Segundo a organização, o Conselho Superior do Ministério Público (CSMP) decidiu suspender por quatro meses o procurador Rogério Viegas Vicente, no âmbito de um processo disciplinar instaurado na sequência de uma queixa apresentada em julho de 2025 pela vítima, representada pelos advogados da JU,S.

De acordo com o extrato da Deliberação, de 5 de maio de 2026, publicada no Jornal da República a 12 de junho, o procurador da República de 2.ª classe, colocado no Gabinete Central de Combate à Corrupção e Criminalidade Organizada, foi sancionado, no âmbito do Processo Disciplinar “com a pena disciplinar de suspensão do exercício de funções pelo período de 120 (cento e vinte) dias”.
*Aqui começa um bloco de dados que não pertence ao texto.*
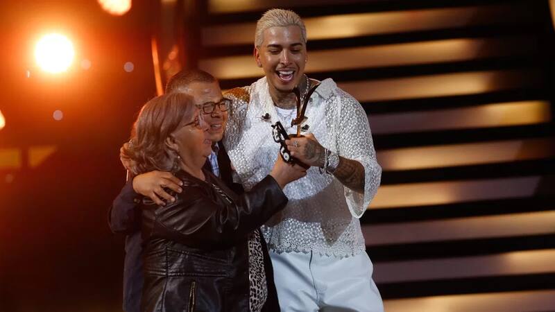 Minutos después, el público pedía el reconocimiento de oro, en medio de los gritos de la gente y de la emoción de Young Cister, ya con los animadores arriba del escenario, la cámara captó el momento cuando Esteban pregunta por su mamá, ya que no estaba sentada viendo el show. Es ahí cuando los padres entran por el lateral de la tarima para hacer entrega del galardón, con notoria emoción.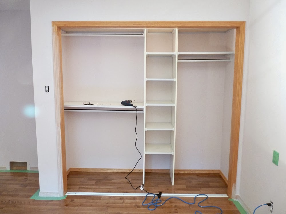 Самая сложная часть работы закончена. Ставим шкаф на свое место, еще раз проверяем положение шкафа по уровню и приступаем к установке полок, вешалок и выдвижных ящиков.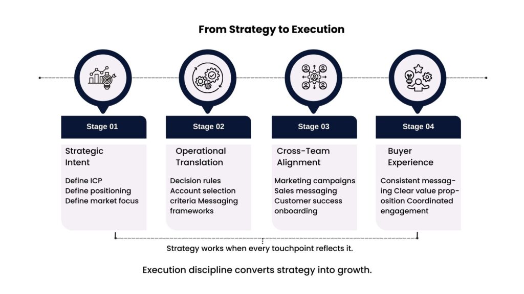 The most common translation failure: strategies articulated at altitudes execution teams cannot operationalize. Leadership defines “focus on mid-market technology companies experiencing rapid growth” as the ICP. But what does that mean for an SDR qualifying an inbound lead?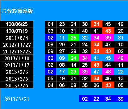 開獎日期:03月23日(013033期)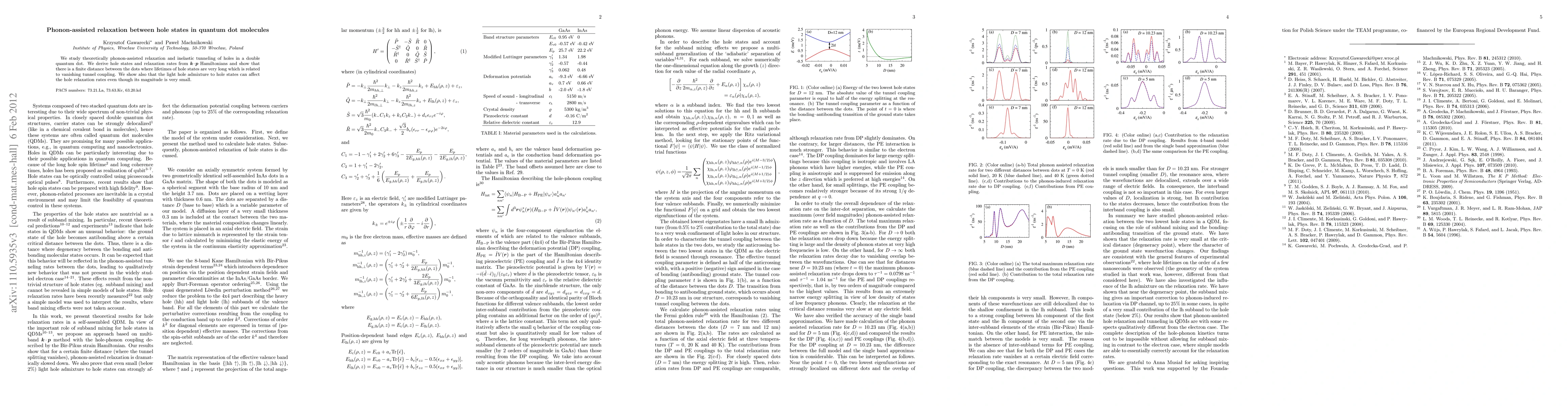 This research theoretically investigates phonon-assisted relaxation and inelastic tunneling of holes in double quantum dots, revealing long hole state lifetimes at specific inter-dot distances due to vanishing tunnel coupling, and highlighting the significant impact of light hole admixture on relaxation rates despite its small magnitude.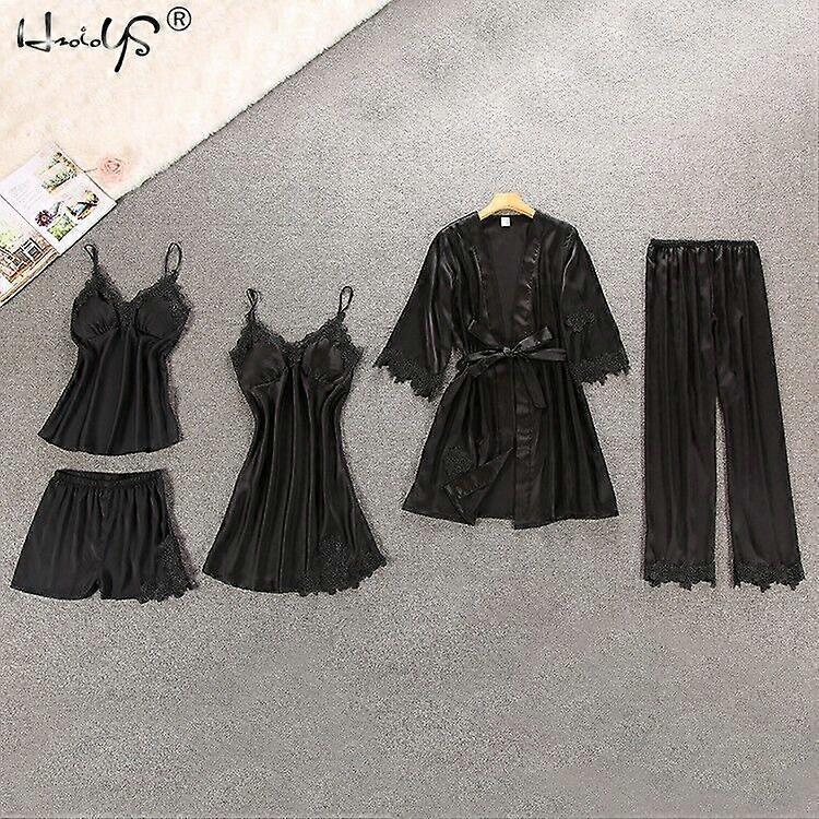 Women Pajamas Silk Satin Lace 5PCS Set Lingerie Sleepwear Babydoll Nightwear Pj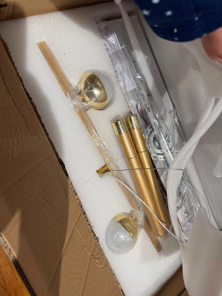 Upgrade your space with this stunning, high-end Modern Gold Chandelier. Perfect for dining rooms, kitchen islands, or living areas! This linear pendant light combines elegance with a futuristic geometric touch. Condition: Brand New / Like New. Features: Dimmable LED (Adjustable brightness with remote control) π‘. Design: Linear bar with integrated rings, globe bulbs, and spotlights. Size: 39 inches (100cm) - Ideal for medium to large tables. Finish: Luxurious brushed gold/brass π. Includes: Remote control for easy atmosphere adjustment. Give your home that "luxury hotel" feel!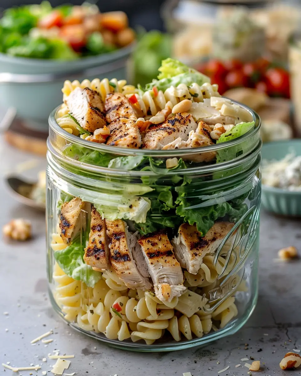 A delicious blend of grilled chicken, pasta, and Caesar dressing layered in jars for a convenient meal prep option.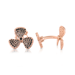 High-polished 18K rose gold propellers that spin, set with micro pavé black diamonds.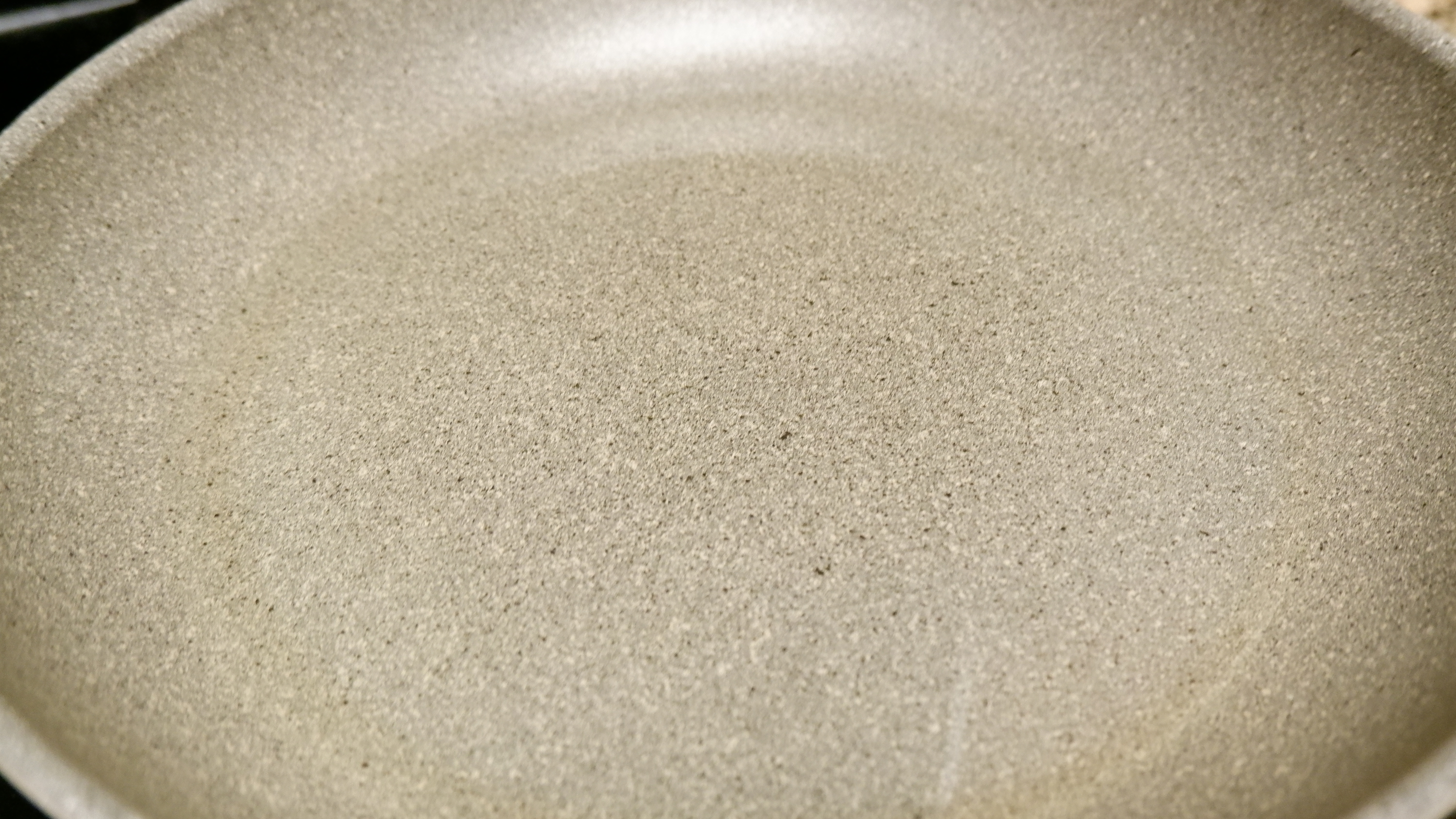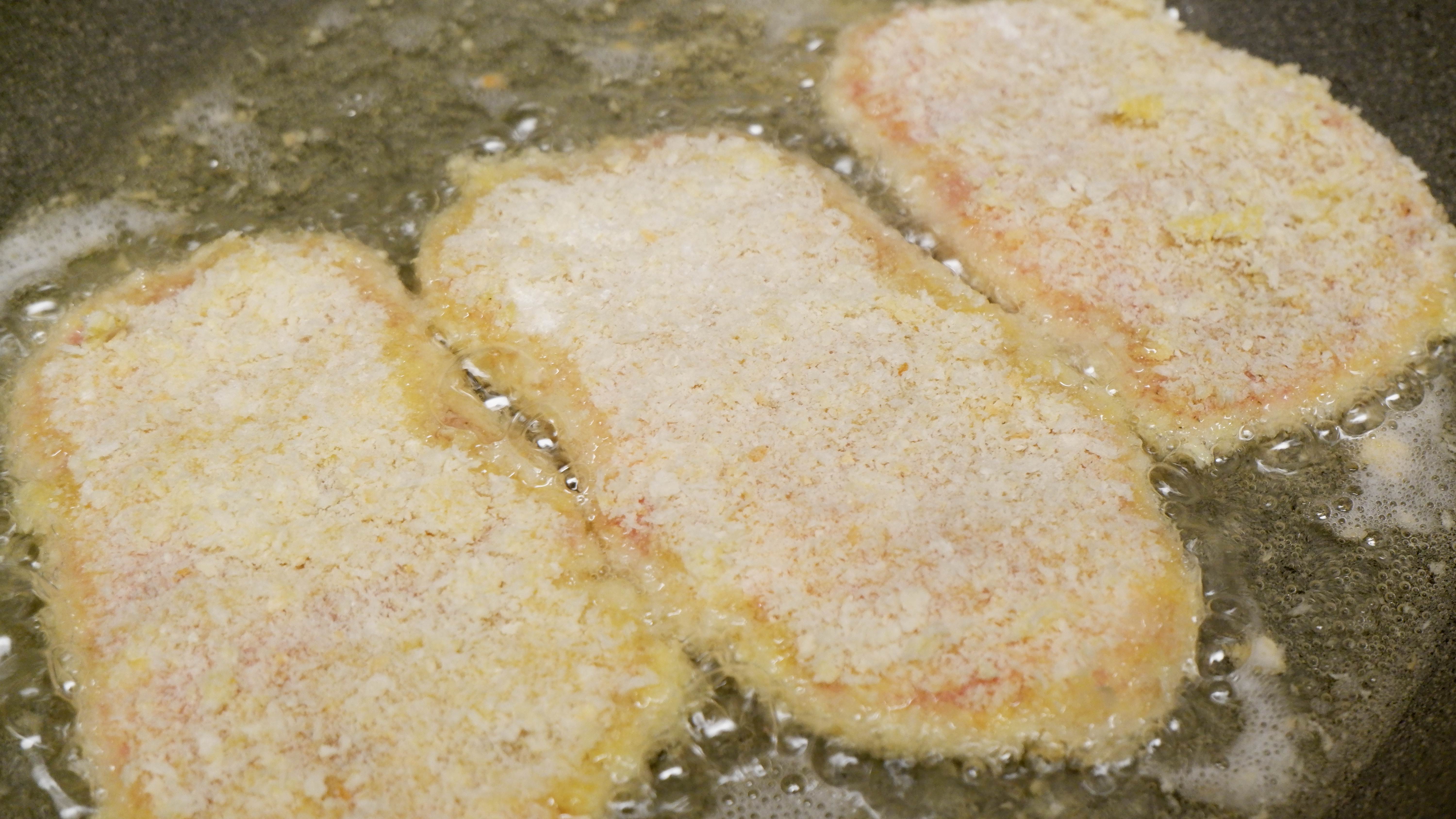7. 프라이팬에 돈가스가 반 정도 잠길 정도로 식용유를 부어주고 중불보다 센 불에 둔 후 기름을 달궈줍니다. 기름이 잘 달궈졌는지 확인하는 방법은 튀김옷을 조금 떼어내어 넣어보면 지글지글 소리와 함께 기포가 생기면 튀기기 좋은 온도~!

Segundo a vítima, citada no comunicado da JU,S, o assédio sexual foi cometido em março de 2025 no interior de uma viatura do Ministério Público, em horário de serviço, tendo o procurador usado a sua posição para se aproveitar dela e, posteriormente, tentado oferecer-lhe dinheiro e ameaçado mandá-la prender para que não apresentasse queixa.

“Estamos razoavelmente satisfeitos por, finalmente, existir uma decisão disciplinar. Demorou demasiado tempo – mas reconhecemos que os membros do Conselho Superior do Ministério Público demonstraram coragem ao decidirem, por fim, aplicar uma sanção a um procurador que violou os seus deveres fundamentais ao cometer assédio sexual contra uma pessoa”, afirmou Maria Agnes Bere, co-diretora e advogada da JU,S, citada no comunicado.

A organização defende que a conduta deveria ter sido classificada como “muito grave” à luz do Estatuto do Ministério Público, comparando o caso com a suspensão de dois anos aplicada a um docente universitário por uma conduta considerada menos grave.

O comunicado denuncia ainda que a vítima não foi reconhecida como tendo posição no processo disciplinar e que, durante o mesmo período, se tornou arguida num processo-crime instaurado por alegações do procurador – processo que viria a ser arquivado por falta de indícios.

A JU,S afirma ter solicitado formalmente o relatório do processo disciplinar, para avaliar se recorre aos tribunais quanto à proporcionalidade da sanção, e diz continuar a apoiar a vítima no processo-crime, ainda em fase de inquérito.

A organização refere um segundo caso, pendente há quase dois anos no Conselho Superior da Magistratura Judicial, envolvendo alegações de assédio sexual contra um juiz do Tribunal de Recurso, e admite ponderar ação judicial para compelir aquele Conselho a concluir o processo.